It should nevertheless be remembered that while Mussolini and IL Popolo d’ltalia provided a point of reference for the fasci interventionists, Mussolini was not the key inspiration for the pro-war movement. He was present as a participant at the 5 May demonstration in Quarto, a coastal town in Genoa, while the central figure, D’Annunzio, spoke at the unveiling of a statue sculpted by Enrico Baroni and dedicated to the departure of Giuseppe Garibaldi and 1,000 redshirts from that town in 1860, an event which would lead to the conquest of Sicily by late July and, by October that same year, to the annexation of the whole of the Italian south to Piedmont. The figure of Garibaldi had long since lost its solely democratic and republican implications. These could certainly play their part in culturally mobilizing disparate forces for intervention: Garibaldi signified war when war was called for; he signified energetic voluntary action in pursuit of the completion of national unity in the context of internationalist and humanitarian ideals. But Garibaldi was also readily identifiable with other themes such as patriotism and with the obedience to the Monarchy that he himself had expressed when ordered to halt his and his volunteers’ advance in the Trentino in 1866 (Isnenghi, 1982). Originally designed to represent solely Garibaldi, Baroni’s monument was later reworked to incorporate the strength, muscularity and masculinity of a hefty working man. The finished product was a composite of labour, Risorgimental values and national aggrandizement which together evoked a productive myth in which the proletariat was absorbed into the nation.
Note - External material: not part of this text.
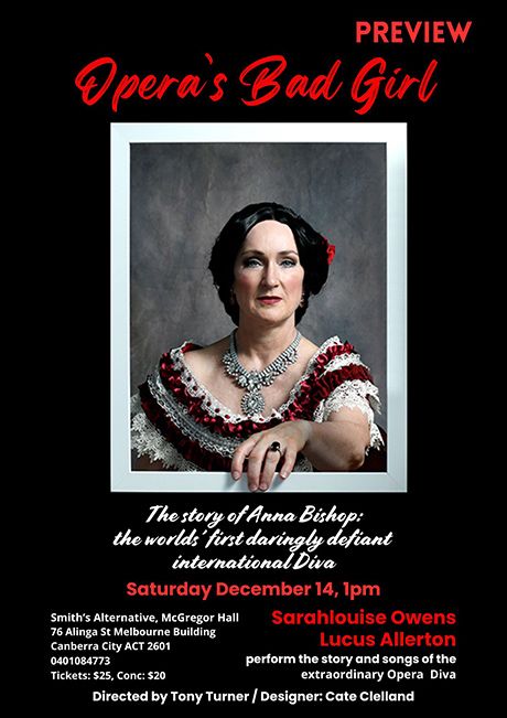 Darling of the goldfields, Anna Bishop returns to Australia, and with her talented pianist, invites you to relive her exciting adventures as she sings the songs that made her fame. Her real life makes for a ripping yarn.

All it needed was the poetic word to bring it to life, and this D’Annunzio provided in a spectacular display of individual charisma and gestures combined with the religious terminology of fire, water and faith to forge a cross-class community ready to push abroad in a poetically charged harmony (D’Annunzio, 1915: 18; Gibelli, 1999: 54-64).
Like D’Annunzio, Mussolini was capable of dabbling in terminology which could weave together symbols of blood, death and resurrection into a nationalist, imperialist and anti-socialist discourse. He could also rework the symbol of Garibaldi so that it conformed to an imperialist strategy. He claimed on 31 December 1914, in an article entitled ‘Blood which unites’, that the Garibaldine volunteers fighting in the Argonne showed ‘socialist and neutral Italy’ the way of ‘duty and sacrifice’ (OO, VII: 112). On 8 January the death in the Argonne of Bruno Garibaldi, grandson of the Risorgimento revolutionary, was said to have ‘annihilated’ the PSI’s authority. The dead Bruno was still living and ‘when the dead come back to life, there are those living who must die’. Hence ‘your time is up, oh socialists of Italy’ (OO, VII: 120-22). With the death of Costante Garibaldi, another grandson, again in the Argonne, Mussolini argued in March 1915 that the ‘holocaust of blood’ had ‘sealed a fraternity of spirits and of sentiments which remains unaltered, profound and immutable’. With reference to the fact that, following the dissolution of the Garibaldine Legion in France, Peppino Garibaldi, yet another grandson of Garibaldi’s, and other Garibaldine volunteers had enrolled in the fasci d’azione rivoluzionaria, Mussolini proclaimed: ‘Garibaldine volunteers, your task in France is over. We await you in Italy. The Nation recalls you. It recalls you to fight the internal and the external enemies’ (OO, VII: 250-51). And as regards speaking in front of statues of Garibaldi, Mussolini had done so on 31 March in Milan at an interventionist demonstration, declaring that ‘at the foot of this Monument we reaffirm, yet again, our will for war’ (OO, VII: 297).
An examination of IL Popolo d’ltalia shows that a lot of space was given over to D’Annunzio’s Quarto speech and to the pro-war demonstration in general. Yet Mussolini’s short 6 May article on the event dedicated not one word to D’Annunzio. Mussolini, rather, was awaiting ‘the word from Rome’ (OO, VII: 366). The same can be noted of the previous day’s article: Mussolini focused on Salandra’s decision not to go to Quarto (OO, VII: 364-5). Again, not a word about the poet. Jealousy and rivalry? Perhaps. But it is clear that Mussolini placed emphasis on politics and State authority, whereas D’Annunzio, according to George Mosse, was somewhat blind to political reality since he subordinated politics to symbols and beauty, and to a mystical understanding of his own powers (Mosse, 1987: Ch. 4). What if Mussolini could further invert the D’Annunzian hierarchy of myth and politics in order to project a new type of State-society rapport from within the national experience of war? As the cannons opened fire, Mussolini’s chance came.